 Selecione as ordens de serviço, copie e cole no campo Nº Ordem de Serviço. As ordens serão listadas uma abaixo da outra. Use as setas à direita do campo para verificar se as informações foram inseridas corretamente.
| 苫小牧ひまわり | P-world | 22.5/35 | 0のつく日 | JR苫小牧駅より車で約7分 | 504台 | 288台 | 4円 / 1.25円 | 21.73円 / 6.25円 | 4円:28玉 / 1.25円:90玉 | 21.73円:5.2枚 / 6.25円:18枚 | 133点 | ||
================
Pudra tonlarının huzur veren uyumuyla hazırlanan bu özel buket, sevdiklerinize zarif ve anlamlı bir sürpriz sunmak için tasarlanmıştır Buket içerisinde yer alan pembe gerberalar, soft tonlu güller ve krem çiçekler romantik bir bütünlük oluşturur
================
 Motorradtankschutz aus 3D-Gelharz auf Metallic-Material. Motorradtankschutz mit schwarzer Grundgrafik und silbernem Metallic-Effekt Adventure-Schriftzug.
================
# Problem requirements
A word-for-word copy of the lines above from the one with "Selecione as ordens" through the one with "6.25円:18枚 | 133点 | ||", inclusive, is the only output wanted.

# Exercise answer
 Selecione as ordens de serviço, copie e cole no campo Nº Ordem de Serviço. As ordens serão listadas uma abaixo da outra. Use as setas à direita do campo para verificar se as informações foram inseridas corretamente.
| 苫小牧ひまわり | P-world | 22.5/35 | 0のつく日 | JR苫小牧駅より車で約7分 | 504台 | 288台 | 4円 / 1.25円 | 21.73円 / 6.25円 | 4円:28玉 / 1.25円:90玉 | 21.73円:5.2枚 / 6.25円:18枚 | 133点 | ||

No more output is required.